Task directions:
Write out exactly the lines between the line containing "2-33 2 Basic" and the end of the records, counting both ends, and leave out all pictures.

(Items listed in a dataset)
▶

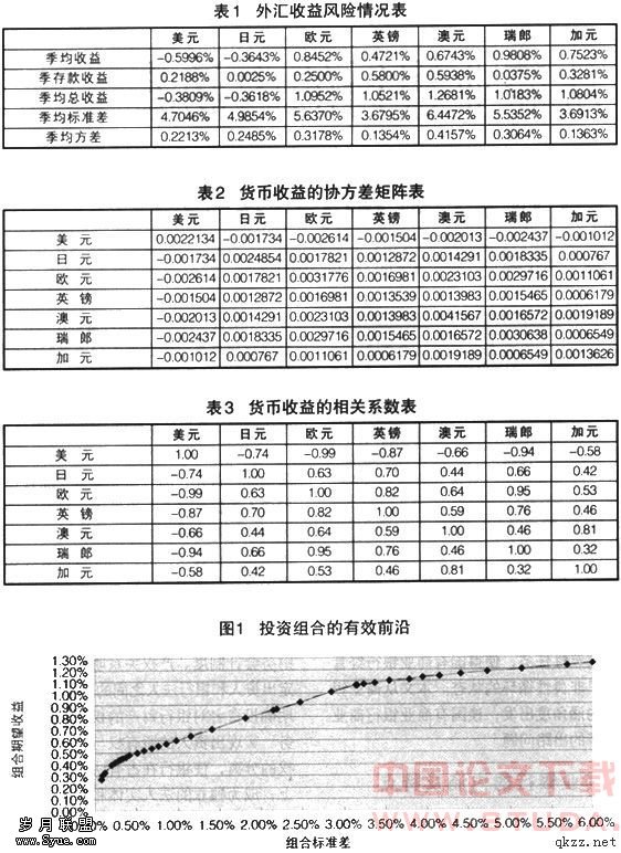 计算有卖空限制下的投资组合有效前沿 根据投资组合理论的均值-方差模型计算出七种货币进行组合的有效前沿(见图1),从图1中可以得出:
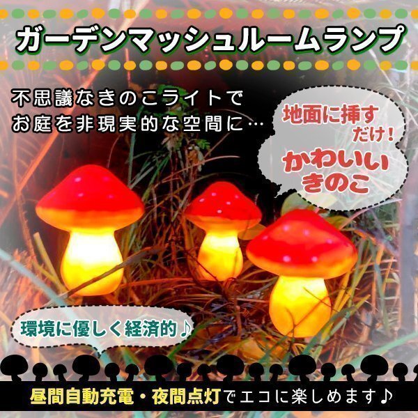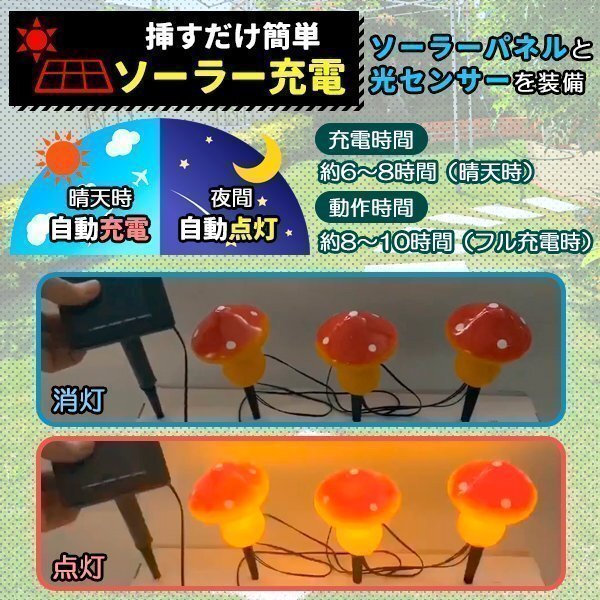 きのこライト ソーラーライト ストリングライト LED花園灯 3個きのこランプ 地中埋込型ライト ガーデンライト 屋外ライト
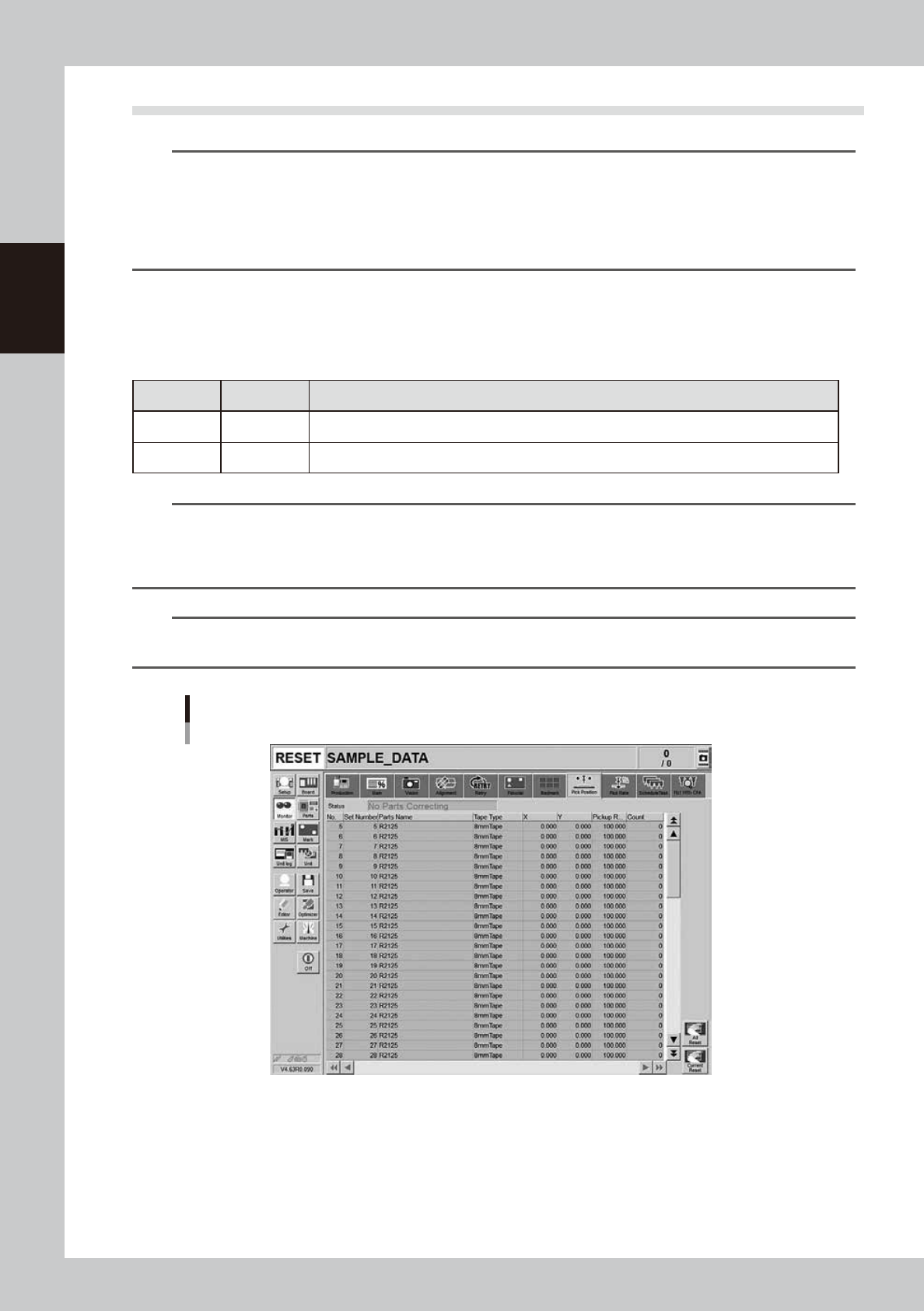 2-33 2 Basic operation • T ape T ype T he T ape T ype shows the type of tape when the mac hine processes component tapes. It shows the method of supplying components when processing tra y components. • X (mm), Y (mm) Dis…
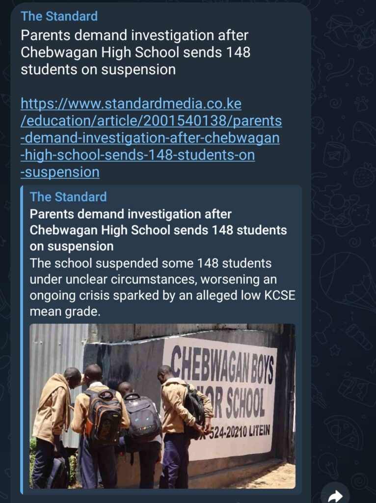 Parents at Chebwagan Boys High School in Litein, Kericho County, are calling for a thorough investigation following the mass suspension of 148 students.
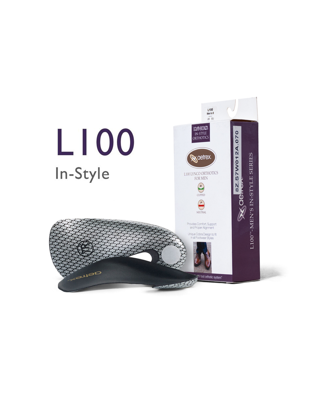 Multiple models (L100–L620) designed for different arch heights and footwear types
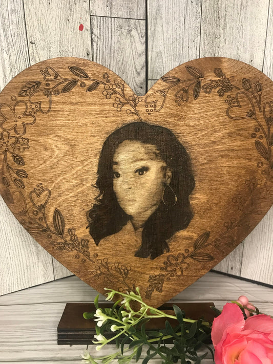 Single Wooden Heart Plaque with Laser Engraved Photo
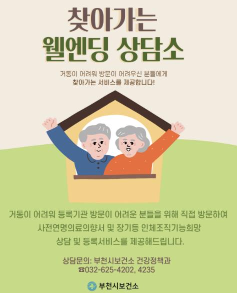 ‘찾아가는 웰엔딩 상담소’는 외출이 어려운 고령자 등을 대상으로 상담 인력이 직접 가정을 방문해 1:1 상담을 진행하고, 필요한 등록 절차를 지원하는 서비스다. 서비스를 이용하려면 어르신이나 보호자가 먼저 부천시보건소에 유선(032-625-4235, 4202)으로 신청해야 한다.

◀

Completed exercise:
 2-33 2 Basic operation • T ape T ype T he T ape T ype shows the type of tape when the mac hine processes component tapes. It shows the method of supplying components when processing tra y components. • X (mm), Y (mm) Dis…
 Parents at Chebwagan Boys High School in Litein, Kericho County, are calling for a thorough investigation following the mass suspension of 148 students.
 Multiple models (L100–L620) designed for different arch heights and footwear types
 Single Wooden Heart Plaque with Laser Engraved Photo
 ‘찾아가는 웰엔딩 상담소’는 외출이 어려운 고령자 등을 대상으로 상담 인력이 직접 가정을 방문해 1:1 상담을 진행하고, 필요한 등록 절차를 지원하는 서비스다. 서비스를 이용하려면 어르신이나 보호자가 먼저 부천시보건소에 유선(032-625-4235, 4202)으로 신청해야 한다.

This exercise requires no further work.